In the example above, I say to never use Papyrus font. Why? It’s overused. I put it on my first logo back in 2005 when I started my jewelry business. Spas, healers, massage therapists use it all the time. I cringe every time I see it because it’s so overused. Another overused font is Scriptina.

Font Resource: Go to www.dafont.com and there are thousands of fonts you can use. It’s a way cool resource, but again, don’t get lost there for hours. Good graphic designers will be able to choose a font for your main branding.

WARNING: Don’t get lost for hours on end trying to make things look good using programs like Canva and Pic Monkey. If it’s a creative outlet for you and it only takes a few minutes, then go for it. Otherwise, don’t let this stop the income-producing activities you need to take in your business.

3. Weather vs Whether

Spell check everything. Even when there are seven words for a headline, spell check it.

I’ve sent stuff out with typos and misspelled words and I feel like an idiot every time. But pay close attention to your key marketing pieces. Don’t do this:


4. Don’t be a thief, even if it’s on accident.

If you Google images to use for picture quotes, marketing or your blog posts, it’s likely infringing on the artist’s copyright. It’s like if you take a picture and use it for your marketing, then someone else copies that image from your site, you would likely be a little annoyed right? That is what you are doing if you are using random photos you find online. It’s bad business – just don’t do it. (Plus if the owner of the image you are using sees it, they can take legal action.)

How do you get great background images for your picture quotes and Pinterest inspiration? What do you use for your blog posts?

You have two options: Buy them from places like depositphotos.com, istockphoto.com or www.123rf.com OR make them using canva.com or picmonkey.com. I love picmonkey when I’m doing a simple picture quote with either a background image I have purchased or a blank canvas. They have great filters you can add sunburts, adjust the colors, etc. I like Canva when I’m wanting to do something with pre-set text boxes like this:



5. Spacing and Connection

Which graphic do you like better below?

random elements         amywalker_training

Don’t have text go right to the edges of your image. Make sure there is space above, blow and on the right and left of images. unless you intentionally put them right on the edge.

Don’t put things randomly on a page, unless they are random.

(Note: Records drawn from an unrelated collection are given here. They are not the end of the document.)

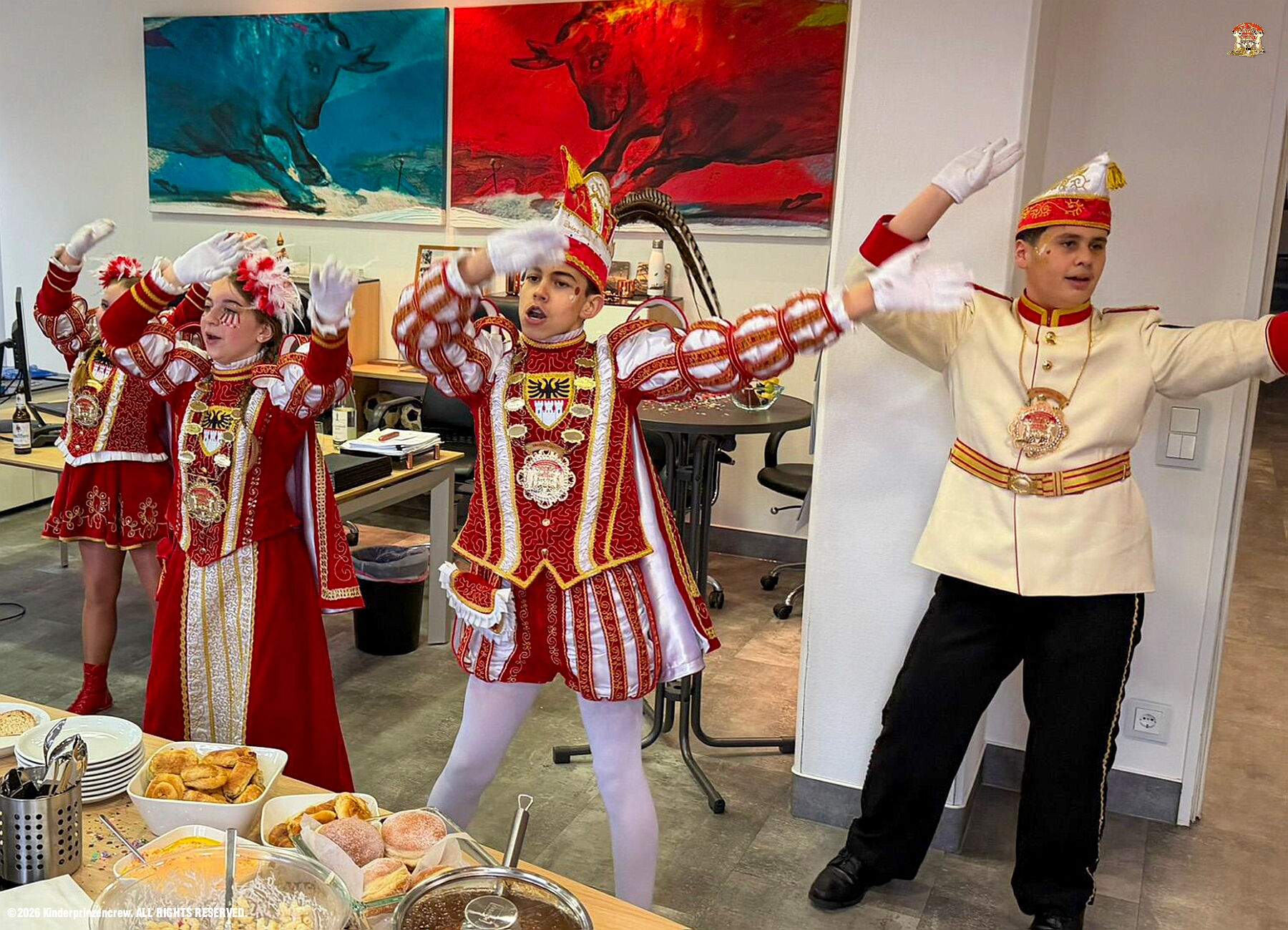 12 Weiberfastnachts Tour, 11. Februar - Schon um 9 Uhr begann dieser ereignisreicher Tag für uns mit der Karnevalsfeier in der GGS Habichtstraße. Im HDK Festzelt wurden wir danach fanatisch gefeiert. Weiter ging es dann zu Hargreaves und ins LANUV zur der Firmenfeiern. Zwischendurch seine Seniorenfeier der AWO Karl-Jarres-Straße. Im Ratskeller feiern die Nordvereine Altweiber. In Folge fahren wir nach Laar, einmal zum Familienkarneval der KG Rot-Gold und die KFD feier im St. Ewald. Der vorletzte Auftritt dann die Altweibersitzung bei der Ehrengarde bevor es zum erneuten Heimspiel zur Altweiber-Party in den Heimathafen geht.
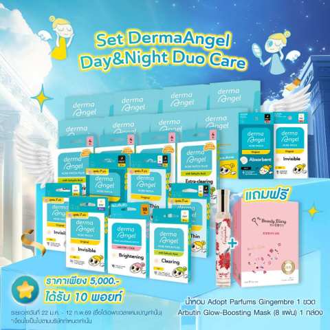 [SET Special 5,000] DermaAngel Day & Night Duo Care เซ็ตดูแลสิวครบจบทั้งกลางวันและกลางคืน รวมไอเทมแผ่นแปะสิวเดอร์มาแองเจิลหลากหลายสูตรและหลายขนาด ให้คุณเลือกใช้ได้ตรงจุด ไม่ว่าจะเป็นการปกปิดสิวระหว่างวัน ดูแลสิวยามพักผ่อน หรือแปะสิวหัวใหญ่แบบเร่งด่วน พร้อมของแถมสุดคุ้มในกล่องเดียว
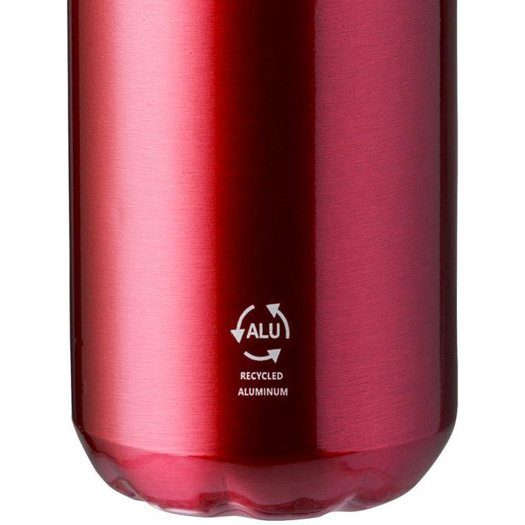 Алюминиевая бутылка для воды с крышкой из нержавеющей стали. Удобный аксессуар для любителей активного образа жизни. В нижней части корпуса выгравирован логотип переработанного алюминия.

The above image on the left has all of the elements to make a great image, but they are all over the place. Nothing has relationship to anything else. For example, the right side of the text extends beyond the right side of both the money picture at the top and the open arms picture on the bottom. So your eye bounces all over the place.

I created this image because I was doing a JV with someone and they didn’t provide an image that really spoke to our topic so I used stock images I had and created this in about five minutes. The opt ins increased for this training and putting it on social media.

The one on the right is the one I actually used. The “Free Training” text is centered and it’s placed in the vertical center of the image to the right. The bottom two images are EXACTLY to the edge of the canvas and the tops of the images are EXACTLY squared.

6. Have a Call to Action

Everything you create needs a call to action. I’ve seen picture quotes on FB and images on Pinterest that don’t have the creator’s website on it. If someone clears out the description you put on FB or Pinterest and that is the only place where your website is listed, guess what? Your image has no connection to YOU or your website.

The most simple call to action is to put the website of where people can find more information. If you don’t have the website, then put the name of the company or something obvious so if people tried to Google you, they can find you. The DIY Bride on a Dime image above is a perfect example of that. This is a FB fan page image for a new company that hasn’t launched yet, but if you google DIY Bride on a Dime, you will see their site when the site launches.